SSN found: 123-45-6789


#### 2. `re.match(pattern, string)`:
   - Searches the `string` for a match only at the beginning.
   - Returns a match object if the pattern is found at the start, otherwise returns `None`.

In [5]:
pattern = '\w' # matches any word character. A word character includes alphanumeric characters (letters and digits) and underscores (_). It is equivalent to [a-zA-Z0-9_].
text = ' I have an apple and a banana.'

result = re.match(pattern, text)
if result:
    print(f"Match found: {result.group()}")
else:
    print("No match found.")

No match found.


Since there is a space at the beginning of the text, and that is not an alphanumeric character, returns match not found.

#### 3. `re.findall(pattern, string)`:
   - Returns all occurrences of the `pattern` in the `string` as a list of strings.


In [11]:
pattern = '\d+' # numerico, 1 o mas caracteres
text = 'I have 3 apples and 5 bananas.'

result = re.findall(pattern, text)
print(f"Occurrences: {result}")

Occurrences: ['3', '5']


Lets look at the regex pattern `[\w\.]+@\w+\.\w+`, designed to match email addresses:

1. `[\w\.]+`: Matches one or more occurrences of word characters or dots (`.`).
   - `\w` represents word characters (letters, digits, and underscores).
   - `\.` matches a literal dot (period).

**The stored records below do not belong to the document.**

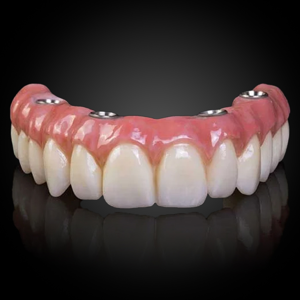 The Implant-Retained Hybrid Dentures is a type of prosthesis securely attached to implant abutments through a specialized connection system. This design enhances stability, chewing efficiency, and comfort for the wearer. The product combines the convenience of traditional removable dentures with the strength of fixed implant restorations.
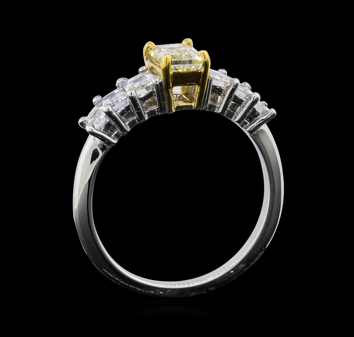 One electronically tested 14KT white and yellow gold lady's cast 7-stone strGASht line ring with a cathedral shank with a bright polish finish. The featured lady's ring has a shank measuring 1.66 millimeters wide. Identified with markings of '14K'. Condition is new, good workmanship. Containing: One prong set emerald cut diamond, measuring 5.80 x 4.10 x 2.80mm (depth est.) approximate weight of 0.60ct. Graded in the setting. Clarity VS-1 Cut Very Good Six prong set step trapezoid cut diamonds, measuring 3.35 x 2.80 x 2.00mm (depth est.) approximate total weight of 6 Stones = 1.00ct. Graded in the setting. Clarity VS-1 to VS-2. Color: G - H Cut Good. Total Weight of Diamonds 1.60ct.. Total Weight of Ring 2.70gm. GAS Appraised at $9,440.00.
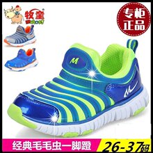 牧童童鞋男童女童运动鞋2017春新款儿童毛毛虫休闲鞋耐磨套脚闪灯
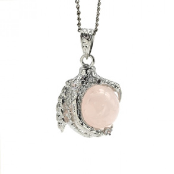 Кулон с розовым кварцем Лапа дракона 25*25мм, шарик 16мм
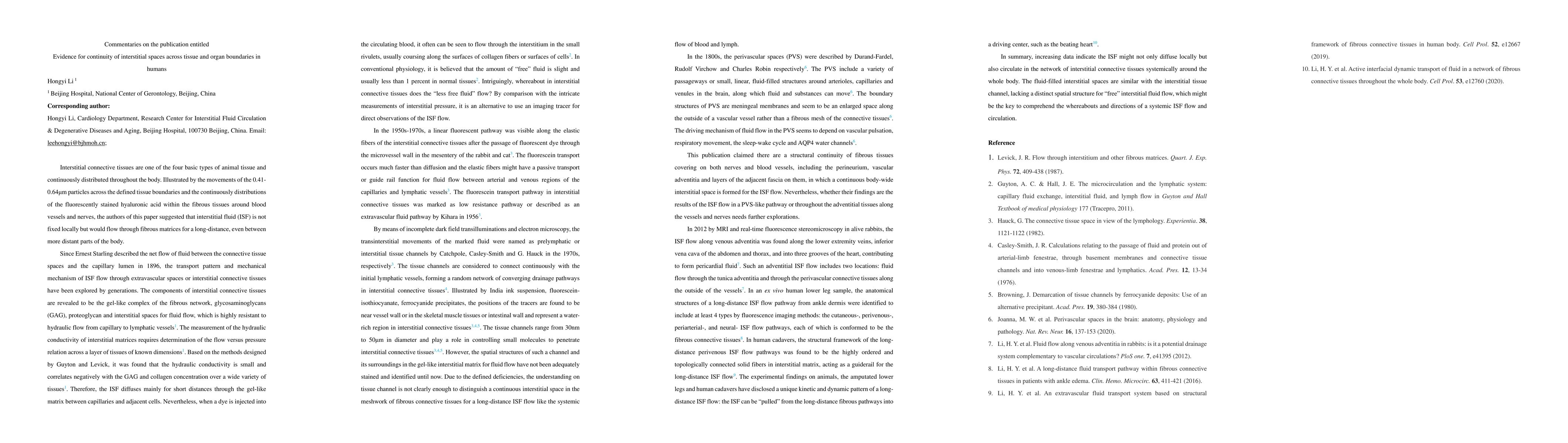 Interstitial connective tissues are one of the four basic types of animal tissue and continuously distributed throughout the body. Illustrated by the movements of the micron-sized particles across the defined tissue boundaries and the continuously distributions of the fluorescently stained hyaluronic acid within the fibrous tissues around blood vessels and nerves, the authors of this paper suggested that interstitial fluid (ISF) is not fixed locally but would flow through fibrous matrices for a long-distance, even between more distant parts of the body. However,the fluid-filled interstitial spaces are similar with the interstitial tissue channel, lacking a distinct spatial structure for "free" interstitial fluid flow, which might be the key to comprehend the whereabouts and directions of a systemic fluid flow and circulation.

2. `@`: Matches the `@` symbol.

3. `\w+`: Matches one or more occurrences of word characters after the `@` symbol.
   - `\w` represents word characters (letters, digits, and underscores).

4. `\.`: Matches a literal dot (period).

5. `\w+`: Matches one or more occurrences of word characters after the dot.
   - `\w` represents word characters (letters, digits, and underscores).


In [13]:
emails_text = """
Here are some made-up email addresses:
john.doe@example.com
mary_smith123@gmail.com
theodore@example.co.uk
contact_us@company.net
info123@yahoo.com
alice.bob@example.org
support@website.io
sales.department@example.com
test.email@domain.com
random.email@subdomain.co
"""

pattern = '[\w\.]+@\w+\.\w+'

re.findall(pattern, emails_text)

['john.doe@example.com',
 'mary_smith123@gmail.com',
 'theodore@example.co',
 'contact_us@company.net',
 'info123@yahoo.com',
 'alice.bob@example.org',
 'support@website.io',
 'sales.department@example.com',
 'test.email@domain.com',
 'random.email@subdomain.co']

What do you observe in the result? How would you fix it?

In [None]:
# Your answer here

#### 4. `re.finditer(pattern, string)`:
   - Returns an iterator yielding match objects for all occurrences of the `pattern` in the `string`.

In [15]:
pattern = '\d+'
text = 'I have 3 apples and 5 bananas.'

matches = re.finditer(pattern, text)
for match in matches:
    print(f"Match found: {match.group()}")

Match found: 3
Match found: 5


#### 5. `re.sub(pattern, replacement, string)`:
   - Replaces all occurrences of the `pattern` in the `string` with the `replacement` string.

In [17]:
pattern = r'apples'
text = 'I have 3 apples and apples.'

result = re.sub(pattern, 'oranges', text)
print(f"Updated text: {result}")

Updated text: I have 3 oranges and oranges.


In [18]:
re.sub('\d+', '', text)   # replaces numbers for nothing

'I have  apples and apples.'

#### 6. `re.split(pattern, string)`:
   - Splits the `string` by occurrences of the `pattern` and returns a list of substrings.


In [19]:
pattern = '\s+' # matches one or more occurrences of whitespace characters


result = re.split(pattern, text)
print(f"Splitted text: {result}")

Splitted text: ['I', 'have', '3', 'apples', 'and', 'apples.']


### Note

You can use Python functions, for example `re.sub()` instead of `replace()`, or `re.split()` instead of `split()`, if you don't need a regex pattern.